I'm trying to extract phone numbers in all formats (international and otherwise) in R.

Example data:

phonenum_txt <- "sDlkjazsdklzdjsdasz+49 123 999dszDLJhfadslkjhds0001 123.456sL:hdLKJDHS+31 (0) 8123zsKJHSDlkhzs&^#%Q(999)9999999adlfkhjsflj(999)999-9999sDLKO*$^9999999999adf;jhklslFjafhd9999999999999zdlfjx,hafdsifgsiaUDSahj"

I'd like:

extract_vector
[1] "+49 123 999"
[2] 0001 123.456
[3] "+31 (0) 8123"
[4] (999)9999999
[5] (999)999-9999
[6] 9999999999
[7] 9999999999999

I tried using:

extract_vector <- str_extract_all(phonenum_txt,"^(?:\\+\\d{1,3}|0\\d{1,3}|00\\d{1,2})?(?:\\s?\\(\\d+\\))?(?:[-\\/\\s.]|\\d)+$")
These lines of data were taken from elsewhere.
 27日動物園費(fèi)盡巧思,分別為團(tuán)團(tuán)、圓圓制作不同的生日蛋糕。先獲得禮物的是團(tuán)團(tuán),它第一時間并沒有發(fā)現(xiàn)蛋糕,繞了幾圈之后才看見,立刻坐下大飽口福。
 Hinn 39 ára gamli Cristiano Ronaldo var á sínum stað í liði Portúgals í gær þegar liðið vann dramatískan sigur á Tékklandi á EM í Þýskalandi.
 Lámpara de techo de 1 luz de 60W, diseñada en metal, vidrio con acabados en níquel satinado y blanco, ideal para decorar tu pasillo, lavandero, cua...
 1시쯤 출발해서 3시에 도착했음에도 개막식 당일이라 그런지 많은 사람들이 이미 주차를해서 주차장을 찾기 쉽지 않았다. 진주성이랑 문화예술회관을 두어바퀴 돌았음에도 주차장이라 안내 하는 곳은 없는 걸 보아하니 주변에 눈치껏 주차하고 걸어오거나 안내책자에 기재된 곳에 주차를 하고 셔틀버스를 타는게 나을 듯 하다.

which I got from HERE, but my regex skills aren't good enough to convert it to make it work in R.

Thanks!

2 Answers

2
Emma On

While your data does not seem to be realistic, this expression might help you to design a desired expression to match your string.
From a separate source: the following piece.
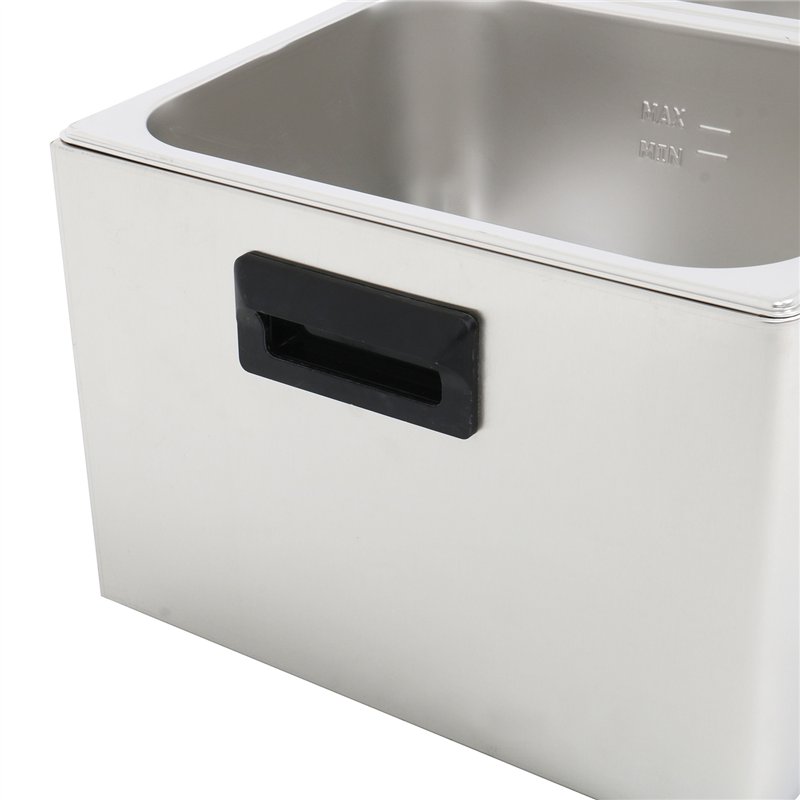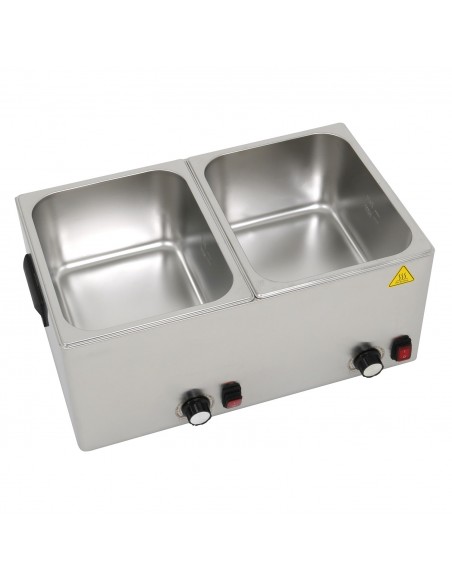Each tank operates independently, allowing flexible use for different food items or varied batch sizes. The hinged stainless steel covers provide easy access while retaining heat, and the side Bakelite handles ensure safe, cool-touch handling during operation. Built with a durable stainless steel body, this warmer is robust, hygienic, and easy to clean—ideal for high-demand environments.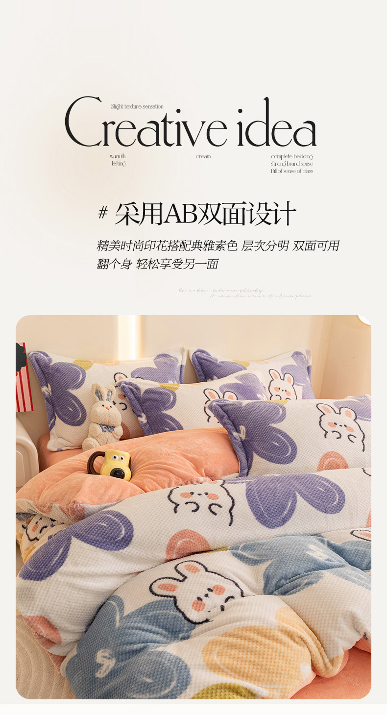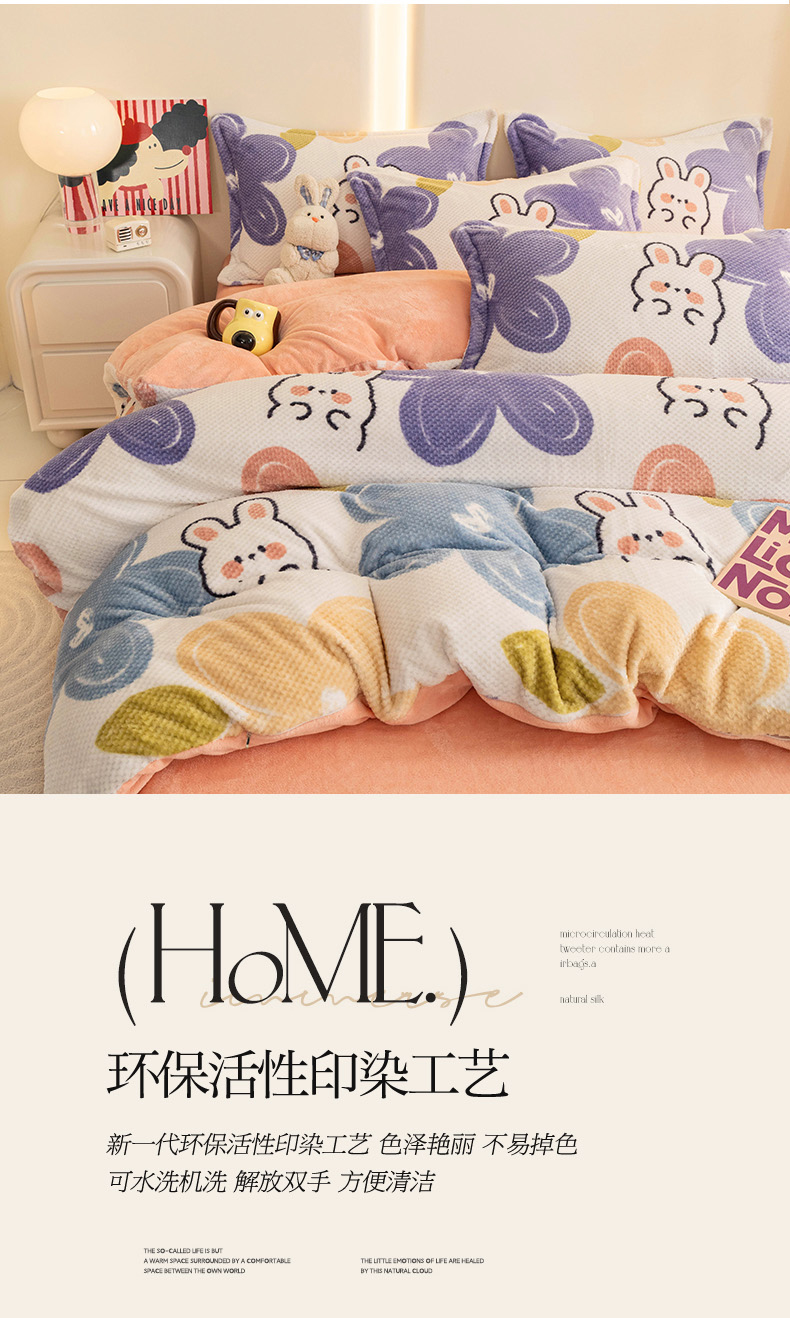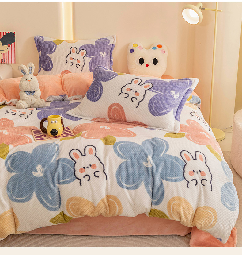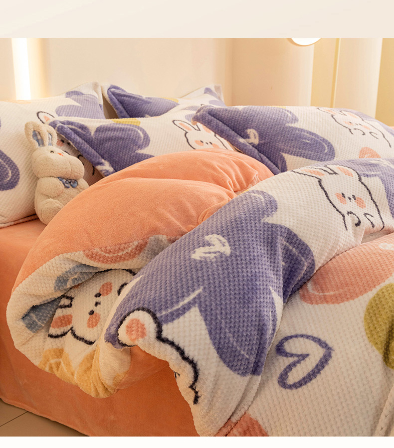 当前位置: 91家纺网 > 商品网购 > 床品套件 > 四件套 > 其它四件套 > 倾慕家纺 2026新款立体菠萝格印花保暖四件套 七彩小兔

(?=.+[0-9]{2,})([0-9+\.\-\(\)\s]+)

I have added an extra boundary, which is usually good to add when inputs are complex.

enter image description here

You might add or remove boundaries, if you wish. For instance, this expression might work as well:

([0-9+\.\-\(\)\s]+)

Or you can add additional left and right boundaries to it, for instance if all phone numbers are wrapped with lower/uppercase letters:

[a-z]([0-9+\.\-\(\)\s]+)[a-z]

You can simply call your desired target output, which is in a capturing group using $1.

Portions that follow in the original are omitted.